If L hadn't known before, he knows now that Mello, little Mello, has changed. Has learned. Has grown.
But he's still a boy.
L had been seventeen, coiled to read Camus in the old armchair that attracted sunbeams, when Watari had ushered in another child who had scored off the charts, a small one, fragile, with sleek yellow hair and eyes that had seen fear so many times they'd exchanged it for anger instead.
L had watched, from a distance and with an abstract fascination, as Matt, the drifter, latched on and dug in and chiseled through the shell. He had watched Mello come alive.
Matt will be back—or will plead for Mello's return. This is a certainty. Neither is quite fulfilled without the other.
This is just Base in their game. This is a neutral place. This is solid ground for a tactical retreat.
Mello seems to expect an answer.
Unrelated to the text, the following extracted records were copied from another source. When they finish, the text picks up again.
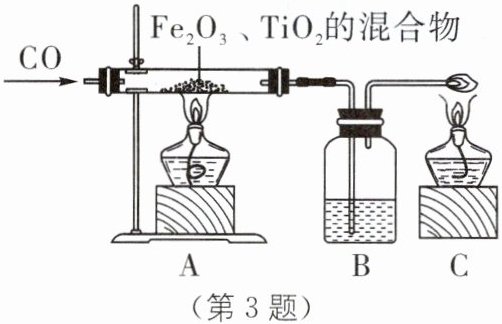。(2)现利用${CO}来还原{TiO_{2}}$、${Fe_{2}O_{3}}$的混合物提炼单质钛和铁,装置如图所示,就实验操作顺序的问题,两位同学出现了分歧。小月认为先通一段时间${CO}$以排空装置内空气,然后再点燃C和A处的酒精灯,小亮认为这样做不好;小亮认为先点燃C和A处的酒精灯,然后再通${CO}$,小月又提出反对。老师认为他们的操作都有一定道理,请你帮助这两位同学解决他们的困难,你的办法是______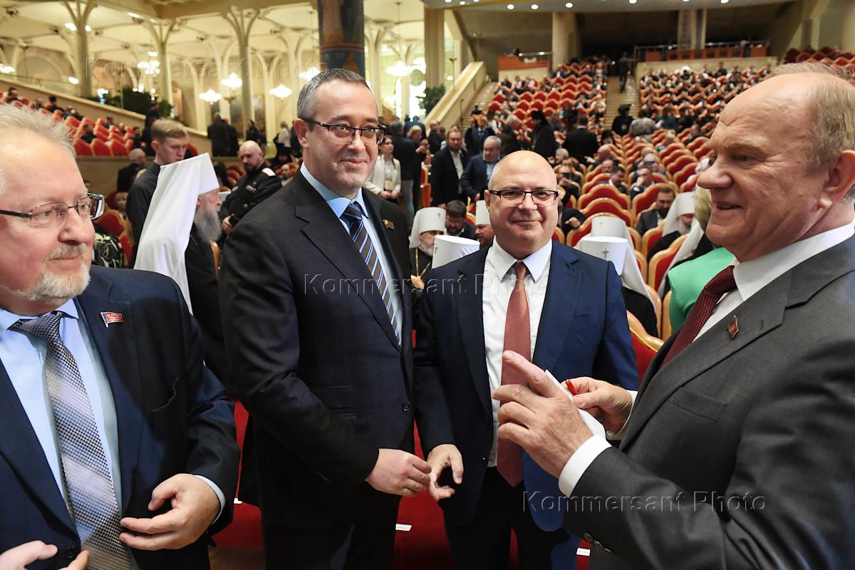 Пленарное заседание XXIV Всемирного Русского Народного Собора на тему "Православие и мир в XXI веке" в Зале церковных соборов храма Христа Спасителя. Лидер КПРФ, член комитета ГД по делам Содружества Независимых Государств, евразийской интеграции и связям с соотечественниками Геннадий Зюганов (второй слева) и глава Донецкой народной республики Денис Пушилин (в центре) перед началом заседания.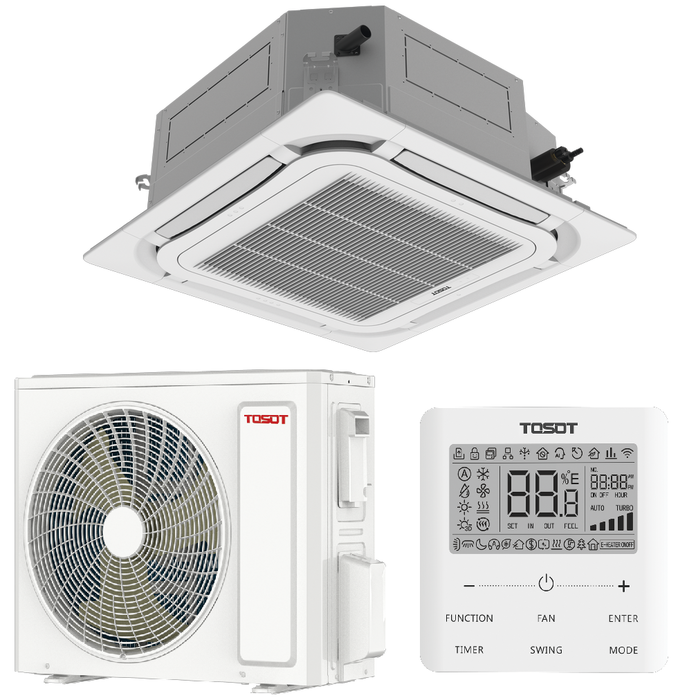 Tosot (Тосот) T60H—ILCA/I/TF06P—LC/T60H—ILUA/O – это полупромышленная кассетная сплит-система, работающая на экологичном фреоне R32. В наружный блок встроен инверторный компрессор марки Gree, Вентилятор внутреннего блока имеет три скорости вращения, также в блок встроена дренажная помпа.
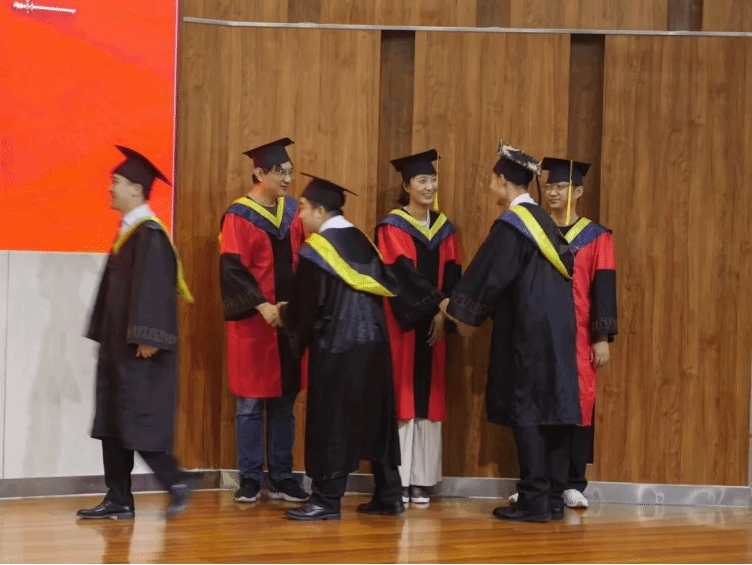 机械学院副院长白斌宣读授位决定。最后机械学院毕业生代表上台为教师献花、合影留念。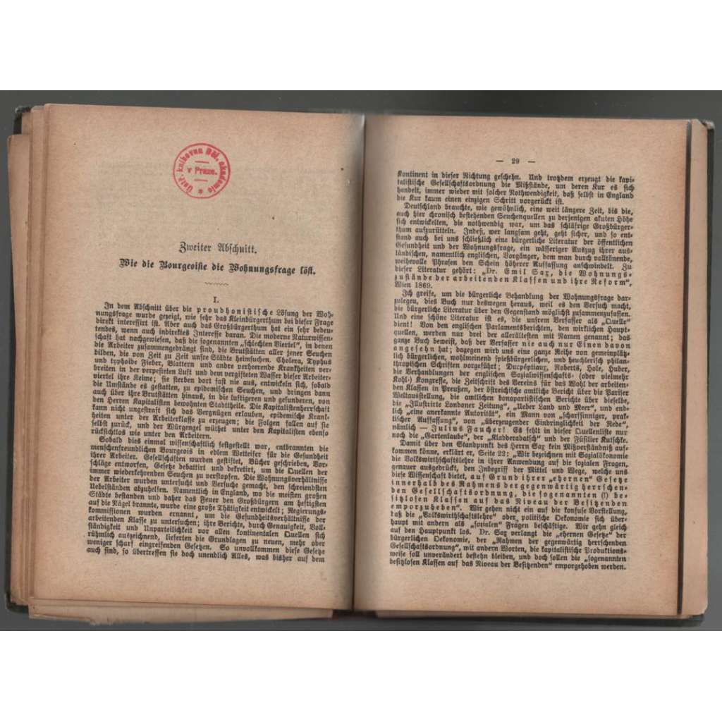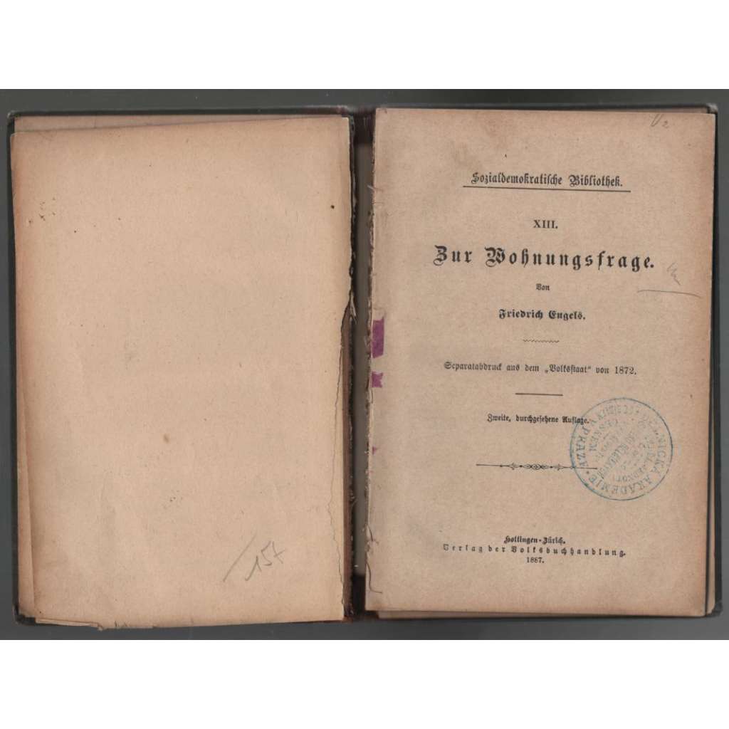 Edice Sozialdemokratische Bibliothek č. XIII, druhé upravené vydání. Samostatný výtisk z časopisu„Volksstaat“ z roku 1872, série článků na téma řešení bytové otázky, rozvoj velkoměst, nedostatek bytů, dělnické byty, vlastnictví bytů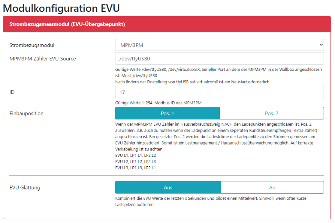Ich habe in der WB bisher vier MPM3PM Modbus Zähler konfiguriert (1x EVU, 1x PV, 2x Ladepunkte). Diese hängen zusammen mit den beiden EVSE DIN am Modbus. USB1 mit EVU-Zähler, PV-Zähler, LP1-Zähler und EVSE DIN LP1 und USB2 mit LP2-Zähler und EVSE DIN LP2.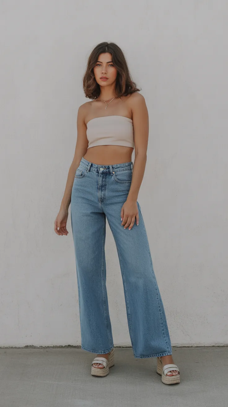 20. Aufits Con Jeans With Wide-Leg Jeans And Neutral Halter Top

L shrugs vaguely and sidles over to the fridge, which welcomes him with a hum and a cold breath and a familiar aura of fluorescent light tinged pink-pale and flickering.
There's a nervous smile in Mello's voice.
"You haven't said anything."
L watches the boy from behind the shelter of his bent shoulder. What is there to say?
"It's nice to see you," he lies. "I'm glad you're back."
What can he do? Tell the truth? I'm terrified of what you do to me? You're even more beautiful now than you ever were, and I couldn't take it then?
Mello is, of course; he draws the eye and owns it—even tired-out and travel-worn, even beaten down and reaching, even alone.
Yes. L knows what it means to be alone.
He makes his eyes focus on the contents of the refrigerator, greeted by the usual precarious crush of tins and jars and plastic bags, haphazard piles of edibles and oddments, towers of Tupperware, and more than one unintentional mold culture.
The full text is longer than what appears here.